What some people have done is to use as input and output a time-frequency distribution, and then use an external means of conversion (such as the short-time spectral magnitude, using STFT to get input and the Griffin-Lim algorithm to reconstruct the phase of the output). Others have even trained two networks; one that learns how to predict the spectrum, and the other that is conditioned on the spectrum and predicts the raw audio. That would be the easy way to go if you want to incorporate wavelets.

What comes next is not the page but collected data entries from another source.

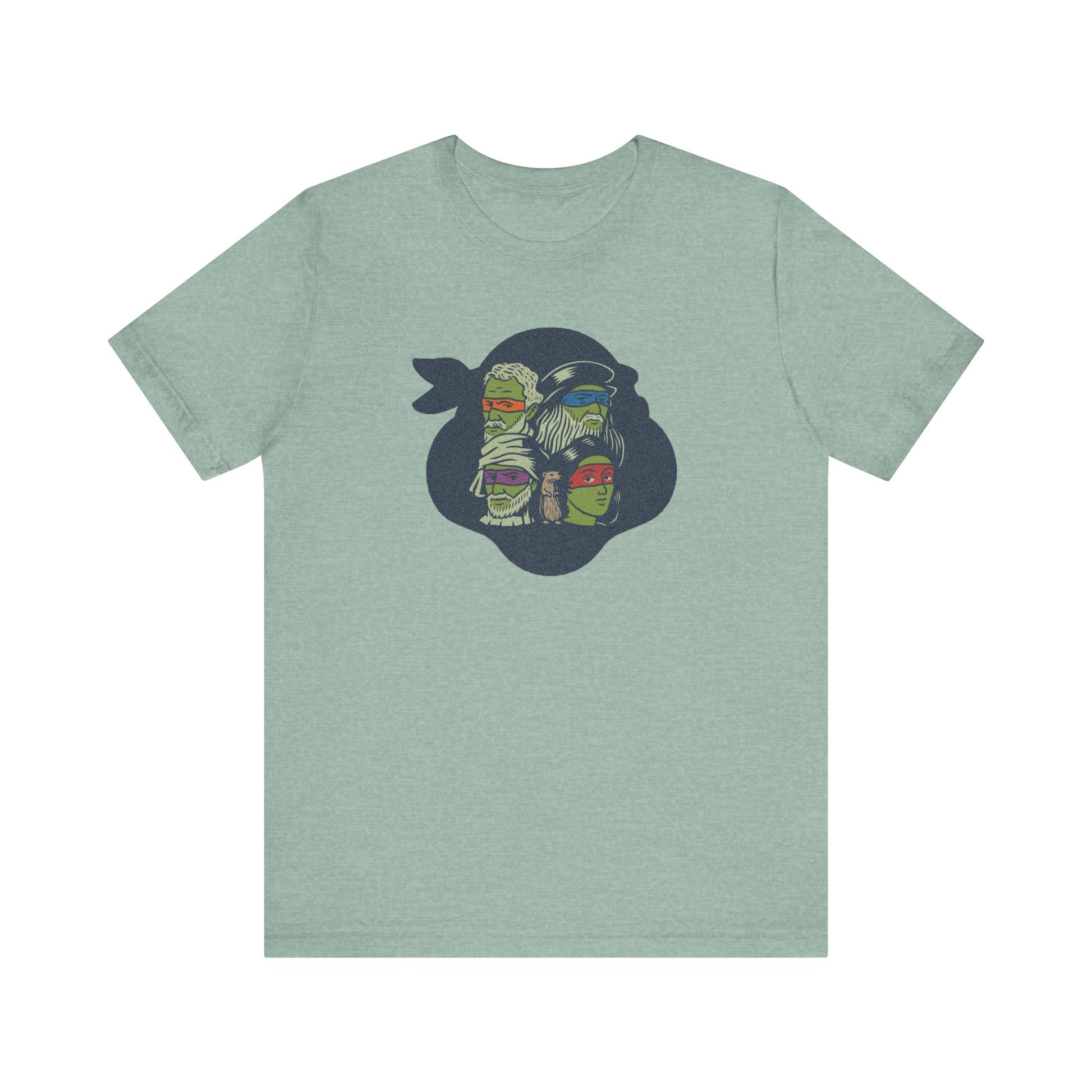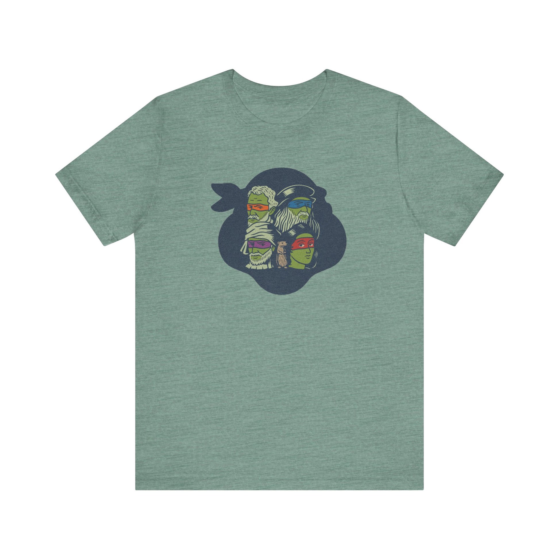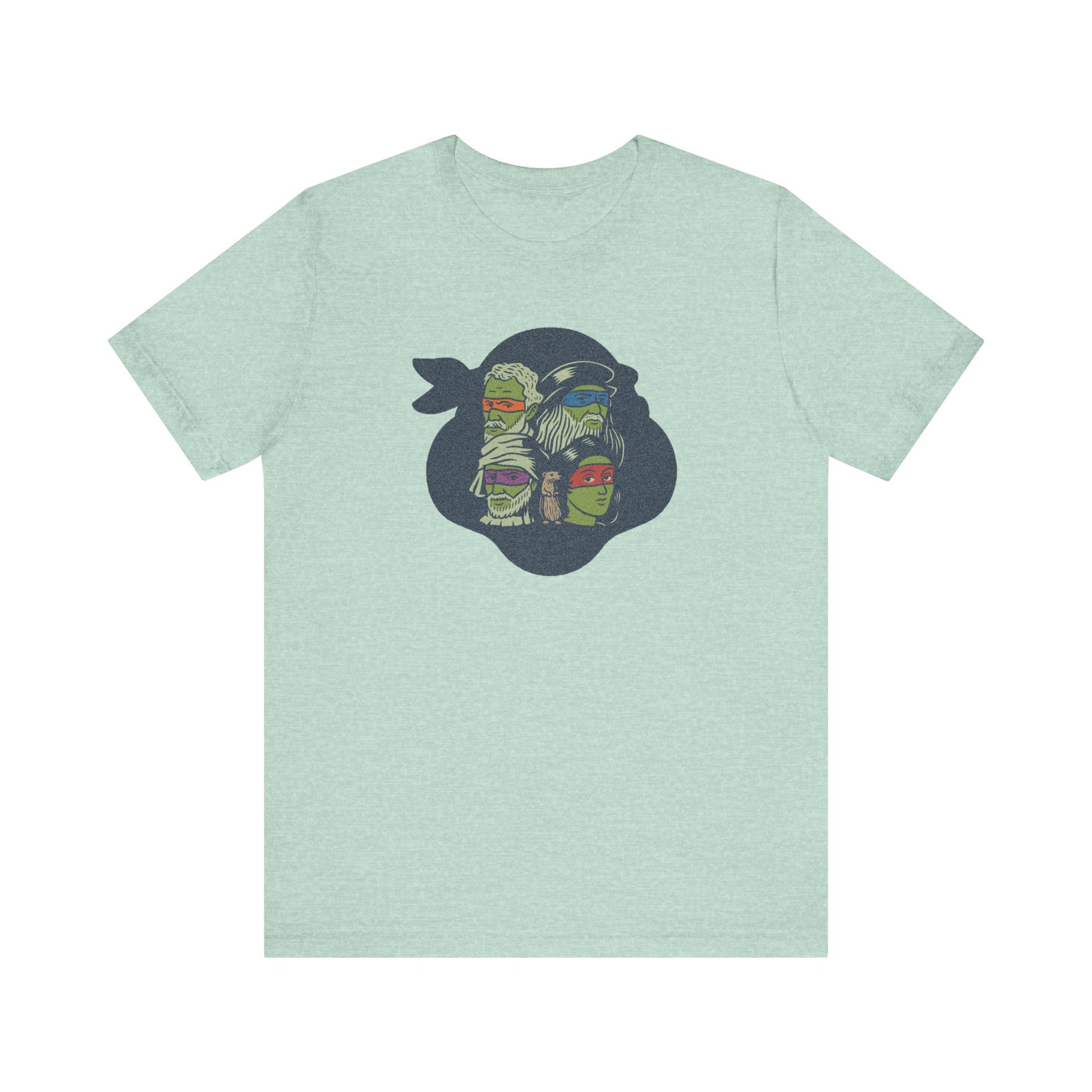 Fine art meets sewer squad. This design flips the script on the Teenage Mutant Ninja Turtles by featuring the real Renaissance masters they’re named after. With bold eye-mask colors, hand-drawn linework, and a surprise cameo from a certain sensei rodent, it’s a brainy visual pun that bridges art history and Saturday morning cartoons. Classy, but with nunchuks.
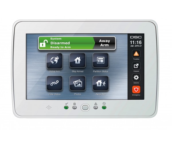 The PowerSeries TouchScreen keypad (PTK5507W - White) delivers an easy interactive way to manage and control security systems - at the touch of a finger. The TouchScreen keypad – the nerve centre of the security system – combines the keypad functionality users and installers have come to expect with an intuitive interface. Seamlessly integrated with PowerSeries security systems, the sleek, contemporary and modern look is valued by the homeowners; installers will appreciate the easy installation and rogramming features they have come to expect from DSC products.
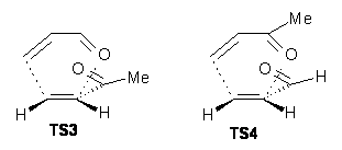 The eight possible transition states for this reaction were computed with a variety of methodologies, all providing very similar results. The lowest energy TS is TS3. A TS of type TS4 could not be found; all attempts to optimize it collapsed to TS3.
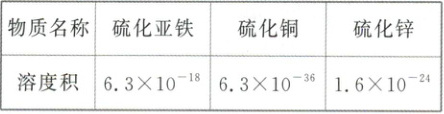 向含有等物质的量浓度的$FeCl_2$、$CuSO_4$、$ZnSO_4混合溶液中滴加0.01mol\cdot L^{-1}Na_2S$溶液时,$Fe^{2+}$、$Cu^{2+}$、$Zn^{2+}$沉淀的先后顺序为 (
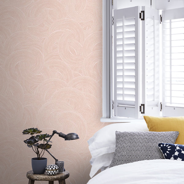 A free and swirling pattern, perceived more like movement when seen upon the wall. Vivid and energetic. Glimmers of metallic tones highlight the twisting design, giving an elegant shimmer that changes with the light. Spirito comes in several colours to match all personalities.
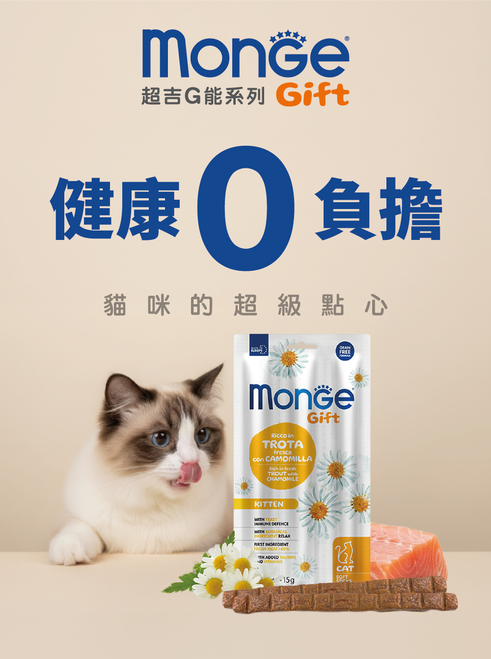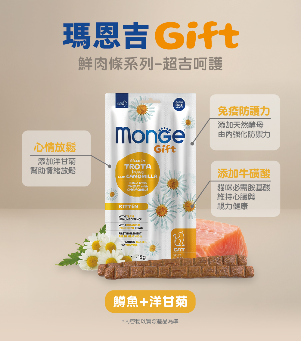新鮮魚肉81%(鱒魚14%),水解魚肉蛋白(鮭魚),乾燥魚肉(鮭魚和鱒魚),纖維素粉,酵母產品(2%),礦物質,草本植物(洋甘菊0.5%)。
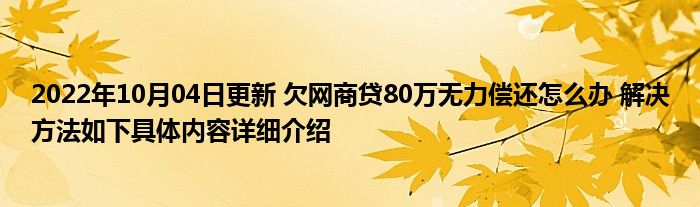 2022年10月04日更新 欠网商贷80万无力偿还怎么办 解决方法如下具体内容详细介绍
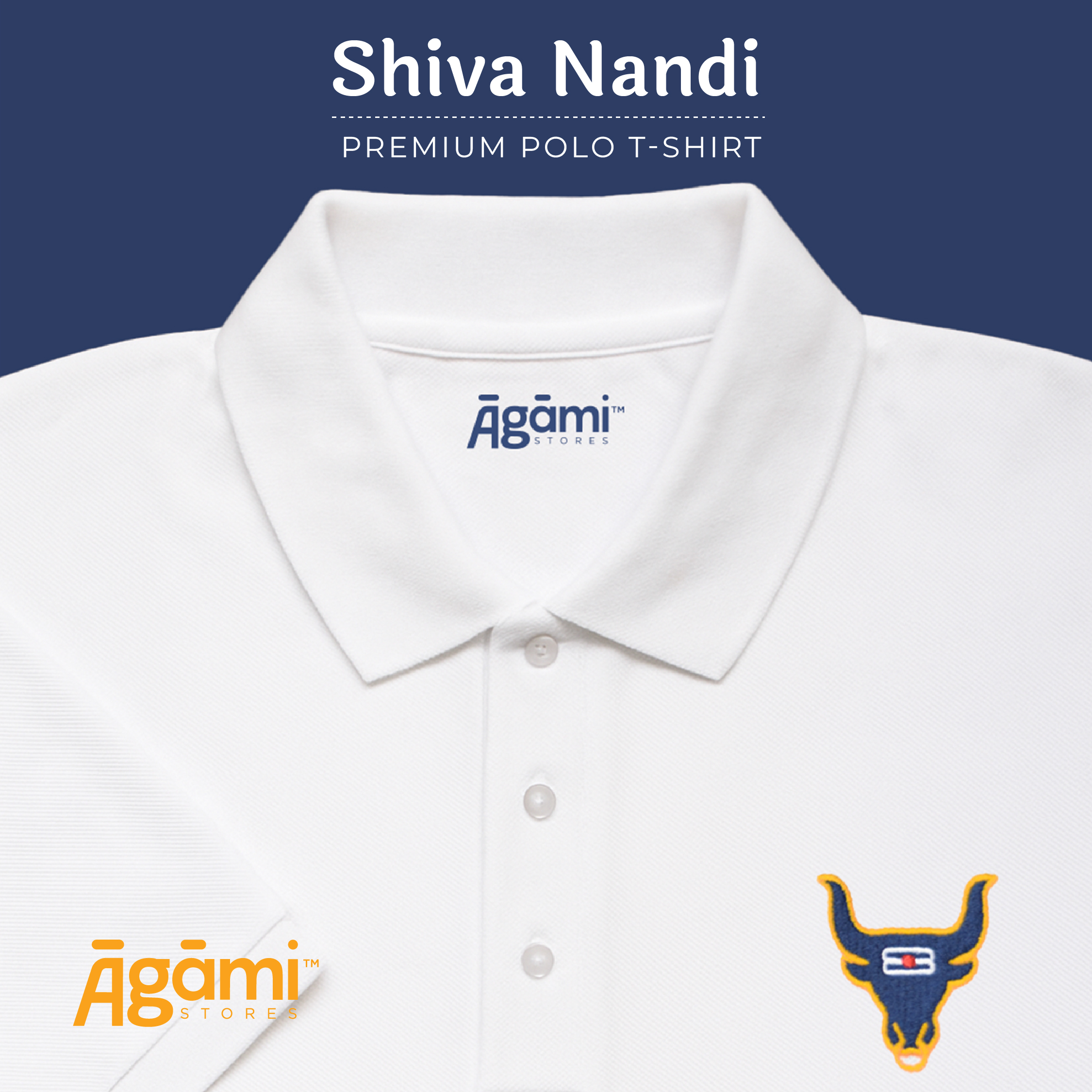 "A premium white polo neck t-shirt featuring the sacred Shiva Nandi design. Made from 100% bio-washed cotton, this regular fit tee ensures comfort, durability, and a stylish spiritual vibe. Perfect for casual wear, temple visits, or gifting to Shiv devotees."

These memory controls are mostly in the hyperparameters in wavenet_params.json, although the filter width ("larger filters") is fixed to 2 (https://github.com/ibab/tensorflow-wavenet/blob/master/wavenet/model.py#L340). However, to me, the term Long-Term Memory suggests that the model can "remember" things by storing them and recalling them at a later stage. The WaveNet will always have a limited working memory, although having dilated convolutions (that's its true strength) allows that memory to be very large by not including redundant information and having separate "slots" for different time scales.